Mr Condon asked: "Did you put your hand out, did you even have a sieve? You did not even put a bucket underneath?"

Garda Ryan replied: "No."

Asked if he was wearing a forensic suit at that time, he said he could not remember that. Asked whether his inspector observed this, he said he did not know.

Previously, a witness who assisted in the restoration of Mr Ryan's remains said he did not see signs of panic when a concrete slab covering an underground tank broke.

Tony Chearnley, a retired garda, said he was asked to operate a mini excavator to remove a concrete slab from the top of a discarded waste tank where the remains were found.

He agreed that the plate was broken when he removed it, but said that he did not see signs of "pandemonium" or "panic" and added "if there had been, I would have been asked to stop".

He agreed with lawyer Lorcan Staines that it was not ideal that the mat was broken, but said he did his best during removal.

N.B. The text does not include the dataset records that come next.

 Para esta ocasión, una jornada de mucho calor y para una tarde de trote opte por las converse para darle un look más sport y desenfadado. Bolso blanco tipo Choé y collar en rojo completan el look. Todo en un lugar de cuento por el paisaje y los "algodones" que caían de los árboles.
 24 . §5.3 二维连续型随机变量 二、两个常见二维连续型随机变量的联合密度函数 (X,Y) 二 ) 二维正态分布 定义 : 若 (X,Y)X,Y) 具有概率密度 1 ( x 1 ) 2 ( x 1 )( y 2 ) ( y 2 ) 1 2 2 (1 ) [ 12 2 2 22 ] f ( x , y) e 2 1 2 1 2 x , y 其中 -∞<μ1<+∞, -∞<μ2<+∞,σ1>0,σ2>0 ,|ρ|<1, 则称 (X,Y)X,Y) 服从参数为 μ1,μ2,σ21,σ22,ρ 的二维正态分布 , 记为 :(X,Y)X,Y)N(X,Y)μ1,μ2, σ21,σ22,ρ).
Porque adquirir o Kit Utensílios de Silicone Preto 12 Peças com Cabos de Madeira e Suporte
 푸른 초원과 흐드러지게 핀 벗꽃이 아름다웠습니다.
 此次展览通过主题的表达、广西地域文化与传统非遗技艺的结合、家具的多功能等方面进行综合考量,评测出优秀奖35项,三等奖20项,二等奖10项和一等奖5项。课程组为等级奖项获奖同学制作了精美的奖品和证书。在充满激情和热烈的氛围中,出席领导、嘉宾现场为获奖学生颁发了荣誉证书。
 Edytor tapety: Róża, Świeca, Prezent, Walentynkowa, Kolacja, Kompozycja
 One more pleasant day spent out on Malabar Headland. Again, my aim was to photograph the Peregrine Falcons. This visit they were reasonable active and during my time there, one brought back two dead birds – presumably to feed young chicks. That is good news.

He also agreed that a few pieces of the plate had fallen into the tank.

When asked if there had been any discussion about waiting for a pathologist, Mr. Chearnley replied: "I do not think that would have been discussed with the excavator's driver."

When asked if there was a discussion about whether it would be wise to wait for members of the forensic scientific laboratory to arrive, he said that he was not a party to a discussion and he did not hear a discussion about it either.

The trial at the Central Criminal Court will be continued on Monday.